--- WORK REQUIRED ---
Given the entries that follow, write out exactly the lines starting at the one containing "Ultrasound shock waves" and ending at the one containing "Lorem ipsum dolor", both ends included, and only those.

--- MATERIAL FOR THIS EXERCISE ---
=== Section Start ===

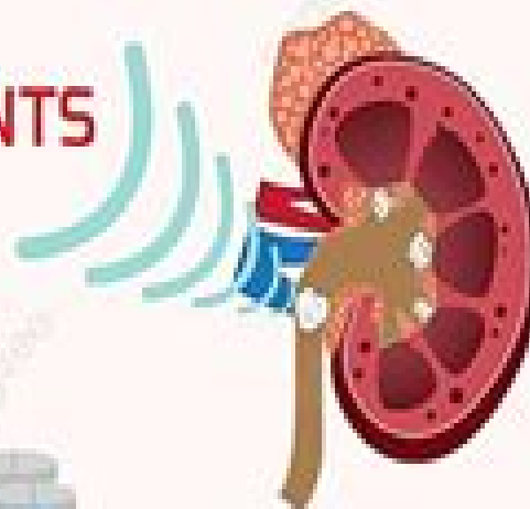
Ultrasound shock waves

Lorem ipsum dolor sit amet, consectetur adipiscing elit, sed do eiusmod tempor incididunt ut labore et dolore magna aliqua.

=== Section End ===
=== Section Start ===

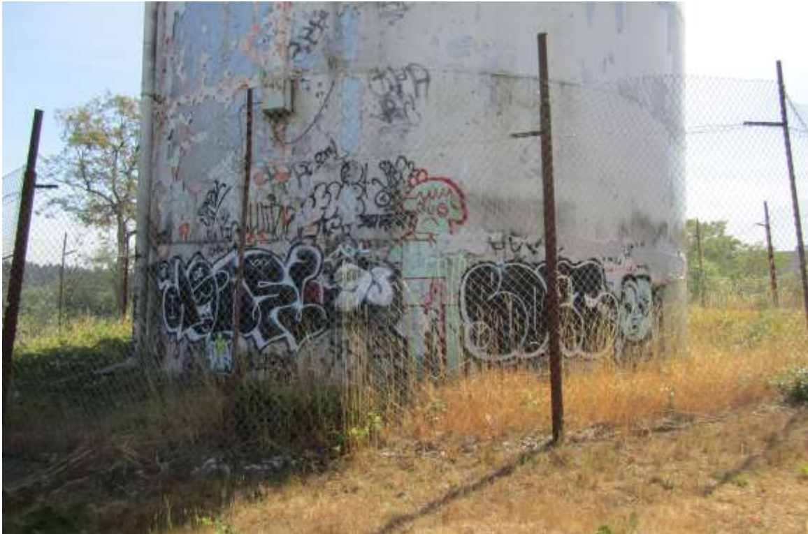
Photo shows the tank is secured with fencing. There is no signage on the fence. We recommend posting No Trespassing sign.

=== Section End ===
=== Section Start ===

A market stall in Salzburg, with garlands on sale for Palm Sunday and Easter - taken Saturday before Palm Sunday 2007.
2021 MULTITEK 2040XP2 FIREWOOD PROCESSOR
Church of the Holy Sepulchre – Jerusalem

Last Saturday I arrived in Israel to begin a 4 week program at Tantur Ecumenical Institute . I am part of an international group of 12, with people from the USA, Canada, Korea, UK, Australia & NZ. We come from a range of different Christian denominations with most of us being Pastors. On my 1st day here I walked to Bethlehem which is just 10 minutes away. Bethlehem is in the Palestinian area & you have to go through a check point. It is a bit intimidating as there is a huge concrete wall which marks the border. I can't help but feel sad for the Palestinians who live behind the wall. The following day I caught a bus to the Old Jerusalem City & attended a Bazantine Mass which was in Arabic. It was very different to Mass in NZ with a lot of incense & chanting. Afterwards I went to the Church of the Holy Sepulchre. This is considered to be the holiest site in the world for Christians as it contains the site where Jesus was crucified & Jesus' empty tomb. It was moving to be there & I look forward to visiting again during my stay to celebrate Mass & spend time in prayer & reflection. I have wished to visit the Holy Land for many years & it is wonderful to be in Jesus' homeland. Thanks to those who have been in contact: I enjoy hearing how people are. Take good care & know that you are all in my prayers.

=== Section End ===

--- EXPECTED OUTPUT ---
Ultrasound shock waves

Lorem ipsum dolor sit amet, consectetur adipiscing elit, sed do eiusmod tempor incididunt ut labore et dolore magna aliqua.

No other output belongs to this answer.